RECORD OF THE ORIGIN OF IDOLATRY AMONG THE CHILDREN
OF ESMA’IL, U. W. B., ETC.

There are books full of accounts about the increase of the descendants of Esma’il, in course of time to such an extent that the city of Mekkah could no longer contain them. Consequently some of them left the sanctuary for the purpose of settling in various parts of Arabia, and every individual who intended to depart took one stone from the sanctuary, deposited it in a clean place wherever he settled, and circumambulated it as he would have done in a pilgrimage in the house of Allah. This custom was practised to such a degree that at last the people took up any stone which appeared to be handsome, placed it in a proper spot, visited and circumambulated it. At last the book of Ebrahim fell into oblivion among them, and they, having been misled and seduced by Satan, began to worship statues, imagining idolatry to be a very laudable religion. Despite of this abominable custom, they acted in some instances according to the law of Ebrahim, performed the ceremonies of the pilgrimage in the usual way, and con­sidered it necessary and incumbent upon themselves to magnify the sanctuary of the Lord, and to honour the house of the Ka’bah.

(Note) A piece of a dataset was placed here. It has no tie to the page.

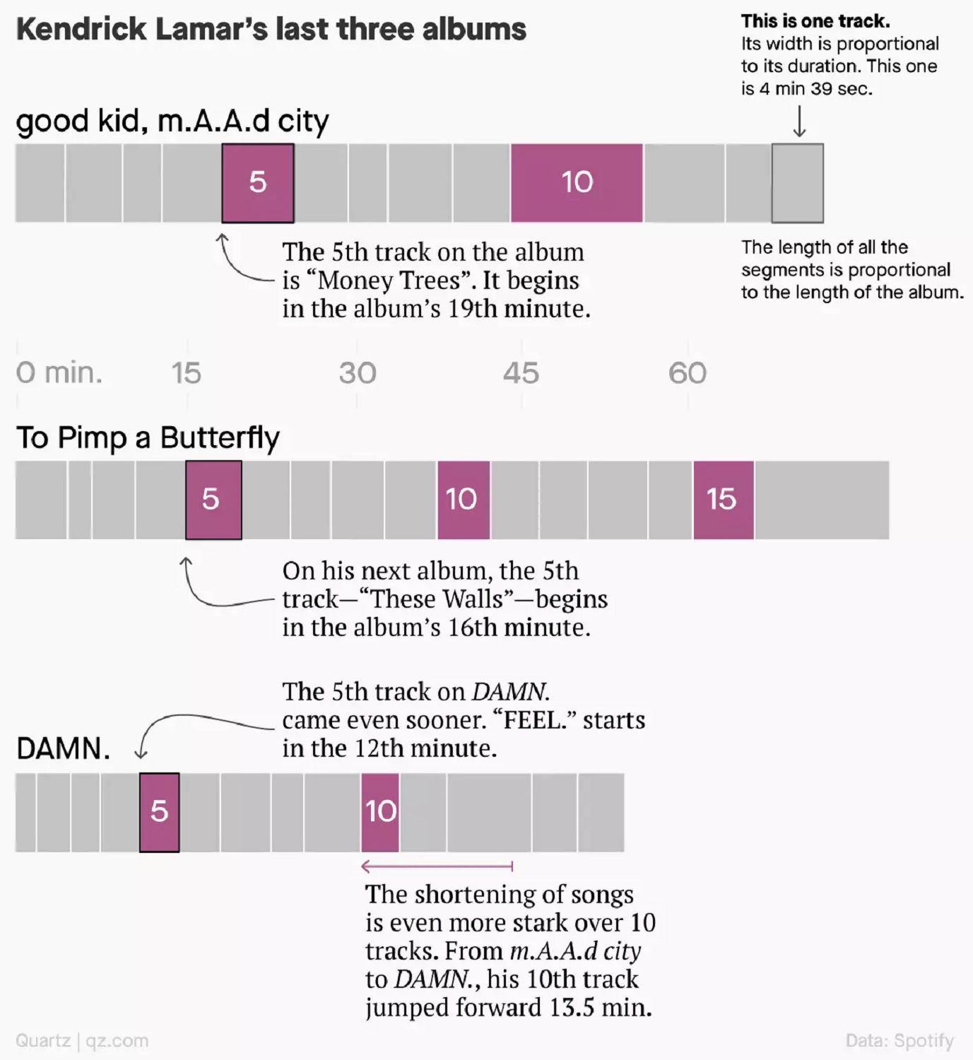 Between 2013 and 2018 the average duration of the songs in the Billboard Hot 100 ranking went from 3 minutes and 50 seconds to 3 minutes and 30 seconds, a figure that confirms a trend identified by many: pop songs (intended as popular) they are getting shorter and shorter. From NME to Pitchfork, the leading experts in the field have noticed the phenomenon that, now, an article published in Quartz analyzes in detail. According to the American website, the cause is attributed to the expansion of streaming music services. Yes, because, although some accuse us as guilty of the brevity of the songs our ever lower concentration ability or the need for a hit to be catchy and incisive to stand out in a landscape where the choice of consumers is almost endless, Spotify, Apple Music and similar are the real determining factor. After examining some of the works of the most beloved artists of the moment such as Kendrick Lamar (in Good Kid of 2013, M.A.A.D. City arrived at minute 19, while in Damn of 2017 the recording average is around 13 minutes) or Drake, irrefutable proof of the theory under discussion, to clarify our ideas better, Quartz explains the functioning of this service by tens of millions of paying subscribers in the world.

Some people are of opinion that idolatry originated in the following manner: There was a man called Asâf, and a woman whose name was Nâila, both belonging to the tribe of Jorham. On a certain occasion both were overpowered by lust, and committed adultery with each other in the very house of the Ka’bah, but the mighty Lord and powerful Avenger instantly changed them into a stone whilst in the very act. Then the inhabitants of Mekkah bore the two bodies of stone out of the Ka’bah, and, as a warning to the people, they erected the body of Asâf on the top of mount Safâ, and that of Nâila at Marva. In course of time the descendants of the Lord Esma’il abandoned the religion of Ebrahim, and began to worship the two statues. The first man who altered the orthodox faith of the Friend of the Merciful, and invited the people to worship Asâf and Nâila, was A’mru Bin Lahi Khozaa’i; it is recorded in some books that he brought a statue of Hobal from Syria, erected it on a mountain near Mekkah, and advised the inhabitants to adore it. The record of Hobal, which was the chief idol of the Qoraish, will—if it pleaseth Allah—be inserted in the second section of this work. After A’mru had introduced his abominations, idolatry became current among the Arabs, so that the tribe Zu-A’ineen worshipped Manah,* whose statue they placed in a house near the sea­shore. This idol was also worshipped by the tribe Ansâr during the time of ignorance [i.e. before Muhammad]. For U’zza, which was one of the principal idols, they built a house at Nakhlah; the Beni Khozaa’ and the Qoraish went on pilgrimages to it in the same way as to the Ka’bah, to obtain worldly and eternal grandeur. The Thaqeef, who were of the noblest among the Arabs, also girded their loins of obedience to Lât,* which idol they considered to be the means for attaining their desires, and idolatry flourished among the Arabs until the propitious standard of Muhammad was raised.